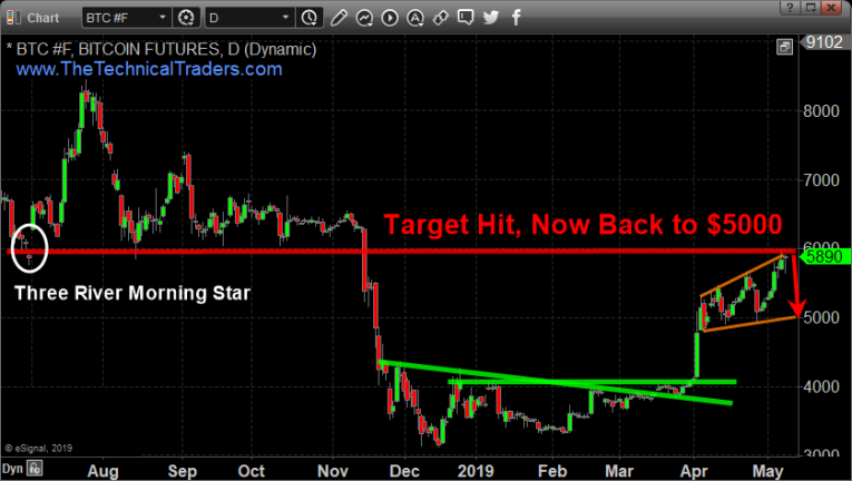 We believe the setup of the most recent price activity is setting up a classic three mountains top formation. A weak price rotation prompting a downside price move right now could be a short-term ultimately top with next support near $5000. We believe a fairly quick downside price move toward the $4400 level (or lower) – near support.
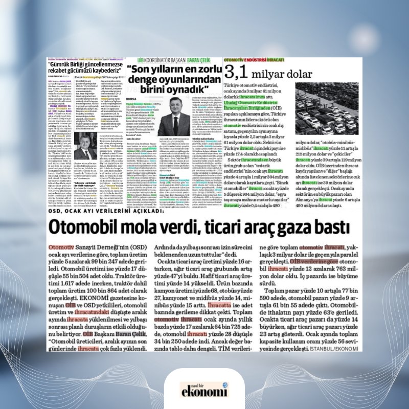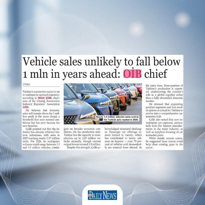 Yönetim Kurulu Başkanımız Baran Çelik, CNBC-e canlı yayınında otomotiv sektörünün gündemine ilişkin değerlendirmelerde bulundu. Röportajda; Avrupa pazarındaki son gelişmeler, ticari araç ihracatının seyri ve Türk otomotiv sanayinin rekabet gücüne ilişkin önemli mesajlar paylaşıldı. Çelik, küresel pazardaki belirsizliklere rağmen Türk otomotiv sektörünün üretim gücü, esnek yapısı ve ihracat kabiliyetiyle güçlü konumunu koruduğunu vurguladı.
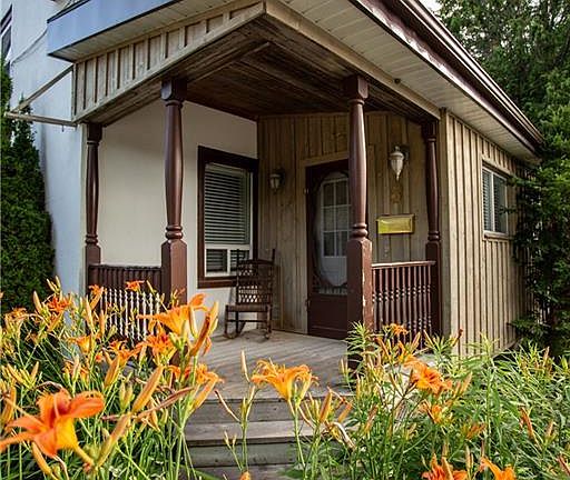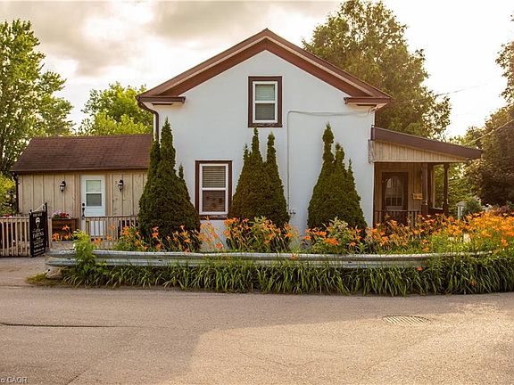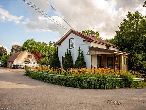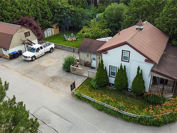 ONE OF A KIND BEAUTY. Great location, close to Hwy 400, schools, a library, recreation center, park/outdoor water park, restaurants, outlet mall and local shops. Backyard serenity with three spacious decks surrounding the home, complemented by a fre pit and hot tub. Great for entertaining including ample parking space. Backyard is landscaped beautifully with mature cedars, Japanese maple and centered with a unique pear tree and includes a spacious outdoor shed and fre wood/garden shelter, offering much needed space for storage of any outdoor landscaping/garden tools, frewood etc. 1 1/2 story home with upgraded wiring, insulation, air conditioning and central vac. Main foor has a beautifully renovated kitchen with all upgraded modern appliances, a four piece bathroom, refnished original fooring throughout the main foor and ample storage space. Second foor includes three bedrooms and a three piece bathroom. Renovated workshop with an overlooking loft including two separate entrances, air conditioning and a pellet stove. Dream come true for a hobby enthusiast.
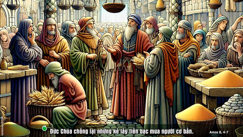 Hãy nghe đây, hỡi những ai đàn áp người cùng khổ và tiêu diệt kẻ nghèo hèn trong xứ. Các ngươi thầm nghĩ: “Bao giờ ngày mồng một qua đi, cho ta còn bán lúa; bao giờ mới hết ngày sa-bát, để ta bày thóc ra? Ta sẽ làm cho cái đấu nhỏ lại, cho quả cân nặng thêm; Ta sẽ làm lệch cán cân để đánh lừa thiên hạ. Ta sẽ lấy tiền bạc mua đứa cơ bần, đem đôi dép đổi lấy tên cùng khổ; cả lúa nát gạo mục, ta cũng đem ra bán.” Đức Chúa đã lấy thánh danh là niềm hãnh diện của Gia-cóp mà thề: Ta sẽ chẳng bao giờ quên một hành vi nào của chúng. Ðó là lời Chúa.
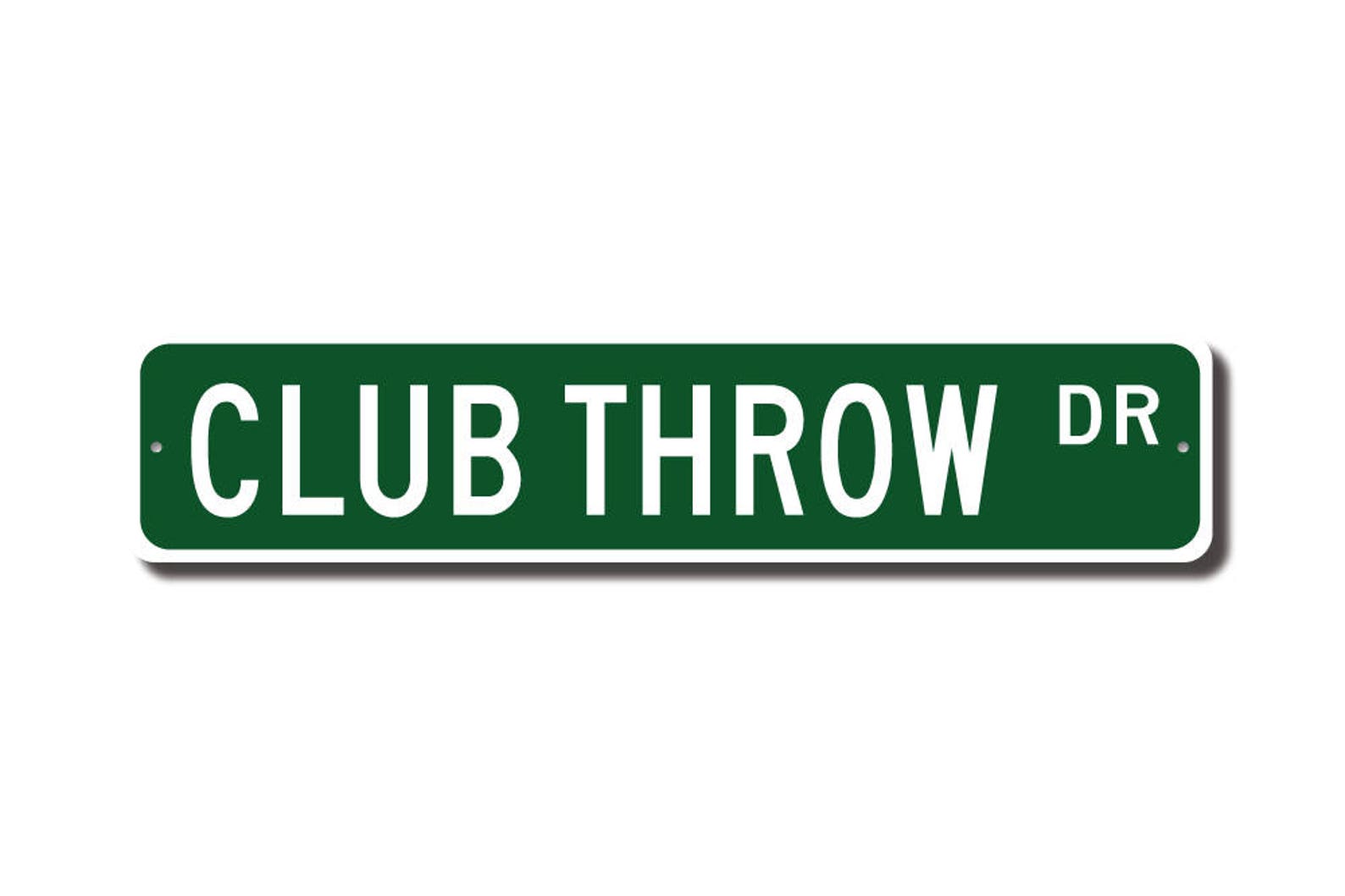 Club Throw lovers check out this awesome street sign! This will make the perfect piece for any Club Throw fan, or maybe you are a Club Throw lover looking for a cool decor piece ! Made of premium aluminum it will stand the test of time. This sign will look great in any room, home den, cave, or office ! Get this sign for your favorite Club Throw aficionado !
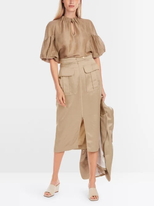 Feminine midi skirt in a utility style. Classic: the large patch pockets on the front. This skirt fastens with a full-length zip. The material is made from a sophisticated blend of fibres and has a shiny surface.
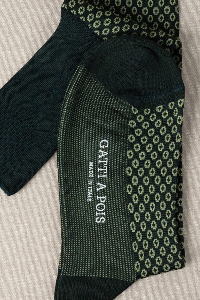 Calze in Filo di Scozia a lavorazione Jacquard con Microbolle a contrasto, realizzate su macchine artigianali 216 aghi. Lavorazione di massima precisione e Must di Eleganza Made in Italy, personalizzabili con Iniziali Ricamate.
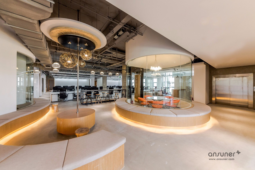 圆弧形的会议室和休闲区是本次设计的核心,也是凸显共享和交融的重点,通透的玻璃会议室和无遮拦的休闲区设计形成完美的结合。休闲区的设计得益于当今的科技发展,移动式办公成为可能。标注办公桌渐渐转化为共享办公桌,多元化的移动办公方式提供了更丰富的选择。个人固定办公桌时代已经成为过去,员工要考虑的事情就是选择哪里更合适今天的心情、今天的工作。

* * * * * * * * *

Every entry must be transcribed exactly. Pictures do not belong in the copy.

Exercise output —
 We believe the setup of the most recent price activity is setting up a classic three mountains top formation. A weak price rotation prompting a downside price move right now could be a short-term ultimately top with next support near $5000. We believe a fairly quick downside price move toward the $4400 level (or lower) – near support.
 Yönetim Kurulu Başkanımız Baran Çelik, CNBC-e canlı yayınında otomotiv sektörünün gündemine ilişkin değerlendirmelerde bulundu. Röportajda; Avrupa pazarındaki son gelişmeler, ticari araç ihracatının seyri ve Türk otomotiv sanayinin rekabet gücüne ilişkin önemli mesajlar paylaşıldı. Çelik, küresel pazardaki belirsizliklere rağmen Türk otomotiv sektörünün üretim gücü, esnek yapısı ve ihracat kabiliyetiyle güçlü konumunu koruduğunu vurguladı.
 ONE OF A KIND BEAUTY. Great location, close to Hwy 400, schools, a library, recreation center, park/outdoor water park, restaurants, outlet mall and local shops. Backyard serenity with three spacious decks surrounding the home, complemented by a fre pit and hot tub. Great for entertaining including ample parking space. Backyard is landscaped beautifully with mature cedars, Japanese maple and centered with a unique pear tree and includes a spacious outdoor shed and fre wood/garden shelter, offering much needed space for storage of any outdoor landscaping/garden tools, frewood etc. 1 1/2 story home with upgraded wiring, insulation, air conditioning and central vac. Main foor has a beautifully renovated kitchen with all upgraded modern appliances, a four piece bathroom, refnished original fooring throughout the main foor and ample storage space. Second foor includes three bedrooms and a three piece bathroom. Renovated workshop with an overlooking loft including two separate entrances, air conditioning and a pellet stove. Dream come true for a hobby enthusiast.
 Hãy nghe đây, hỡi những ai đàn áp người cùng khổ và tiêu diệt kẻ nghèo hèn trong xứ. Các ngươi thầm nghĩ: “Bao giờ ngày mồng một qua đi, cho ta còn bán lúa; bao giờ mới hết ngày sa-bát, để ta bày thóc ra? Ta sẽ làm cho cái đấu nhỏ lại, cho quả cân nặng thêm; Ta sẽ làm lệch cán cân để đánh lừa thiên hạ. Ta sẽ lấy tiền bạc mua đứa cơ bần, đem đôi dép đổi lấy tên cùng khổ; cả lúa nát gạo mục, ta cũng đem ra bán.” Đức Chúa đã lấy thánh danh là niềm hãnh diện của Gia-cóp mà thề: Ta sẽ chẳng bao giờ quên một hành vi nào của chúng. Ðó là lời Chúa.
 Club Throw lovers check out this awesome street sign! This will make the perfect piece for any Club Throw fan, or maybe you are a Club Throw lover looking for a cool decor piece ! Made of premium aluminum it will stand the test of time. This sign will look great in any room, home den, cave, or office ! Get this sign for your favorite Club Throw aficionado !
 Feminine midi skirt in a utility style. Classic: the large patch pockets on the front. This skirt fastens with a full-length zip. The material is made from a sophisticated blend of fibres and has a shiny surface.
 Calze in Filo di Scozia a lavorazione Jacquard con Microbolle a contrasto, realizzate su macchine artigianali 216 aghi. Lavorazione di massima precisione e Must di Eleganza Made in Italy, personalizzabili con Iniziali Ricamate.
 圆弧形的会议室和休闲区是本次设计的核心,也是凸显共享和交融的重点,通透的玻璃会议室和无遮拦的休闲区设计形成完美的结合。休闲区的设计得益于当今的科技发展,移动式办公成为可能。标注办公桌渐渐转化为共享办公桌,多元化的移动办公方式提供了更丰富的选择。个人固定办公桌时代已经成为过去,员工要考虑的事情就是选择哪里更合适今天的心情、今天的工作。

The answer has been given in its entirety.